Is the Classic VC Model Dead – or Just Evolving?

Genesis Accelerator's avatar

Rubrik, a Lightspeed portfolio company, during its IPO on the NYSE

Rubrik, a Lightspeed portfolio company, during its IPO on the NYSE

Over the past few months, something fascinating has been happening quietly across the venture capital landscape: the world’s most influential VC firms are shifting away from the traditional playbook.

According to Bloomberg, Lightspeed Venture Partners — managing over $31B — recently became a Registered Investment Advisor (RIA), joining the likes of Sequoia, Andreessen Horowitz, Thrive Capital, and General Catalyst. This change allows these firms to break the traditional 20% allocation limit and invest across a broader spectrum: public markets, secondaries, crypto, and even company roll-ups.

Special thanks to Miriam Shtilman Lavsovski and Avishag Bohbot for their insights on this subject and for helping us better understand the shift in the industry.
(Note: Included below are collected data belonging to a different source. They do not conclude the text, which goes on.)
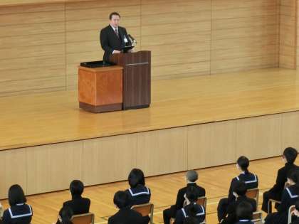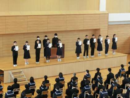 生徒会役員認証式2 公開日 2022/03/23 更新日 2022/03/23 生徒会 新役員を代表して、生徒会長が「先輩から受け継いだ伝統を大切にして、みんなで頑張っていきたい」と抱負を述べました。 校長が、ハドソン川に不時着した旅客機“ハドソン川の奇跡”の話をもとに、「一人では奇跡は起きない。全校生徒の力が合わさったときに奇跡は起きる。一人一人が今できることに全力で取り組んで欲しい。」と伝えました。
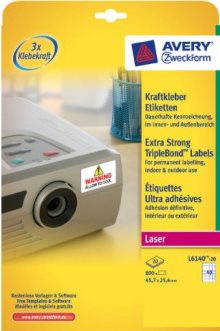 Die Kraftkleber-Etiketten von Avery Zweckform kleben dreimal stärker als herkömmliche Etiketten. Mit den Folienetiketten im Format 45,7 x 25,4 mm stellen Sie sicher, dass auch gesetzlich relevante Produktinformationen nicht verloren gehen. Sie sind besonders strapazierfähig und eignen sich ideal für dauerhafte Produkt- und Eigentumskennzeichnung. Dank der kostenlosen Avery Zweckform Vorlagen und Software-Lösungen können Sie die Kraftkleber-Etiketten schnell und einfach gestalten und drucken!
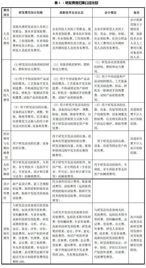 三是研发费用加计扣除政策口径的研发费用,其主要目的是为了细化哪些研发费用可以享受加计扣除政策,引导企业加大核心研发投入,因此政策口径最小。可加计范围针对企业核心研发投入,主要包括研发直接投入和相关性较高的费用,对其他费用有一定的比例限制。应关注的是,允许扣除的研发费用范围采取的是正列举方式,即政策规定中没有列举的加计扣除项目,不可以享受加计扣除优惠。
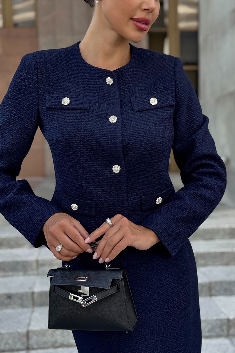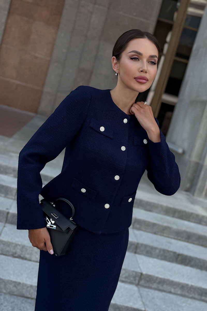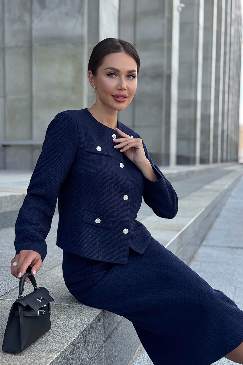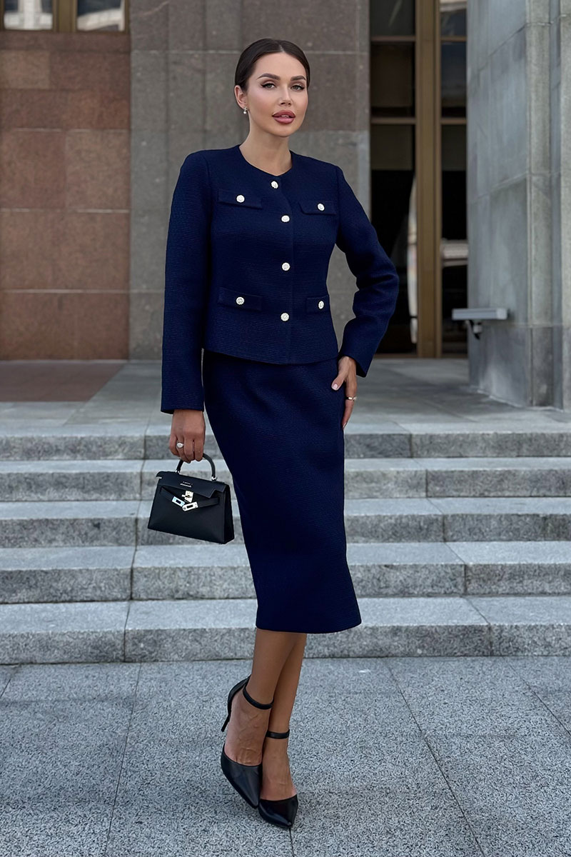 выполненных в изысканном синем цвете. Такой ансамбль подчеркивает женственность и подходит для строгого дресс-кода, деловых встреч и торжественных событий. Костюм женский 2-х

So… what’s really happening?


🚨 The Classic VC Model Is Being Rewritten

The traditional model – invest in 25 startups, wait 10 years, and hope for two unicorns – is losing steam.
But this isn’t a collapse. It’s an evolution.

Today’s mega-funds are behaving more like private equity firms:

  • They acquire, merge, and build companies from scratch.
  • They invest heavily in AI-native platforms.
  • They establish wealth management divisions and participate in public and secondary markets.
  • They recruit talent from investment banks and asset managers (e.g., Lightspeed recently hired a Goldman Sachs MD to lead their secondaries strategy).

As General Catalyst put it:

“The traditional VC model no longer best positions founders to transform industries.”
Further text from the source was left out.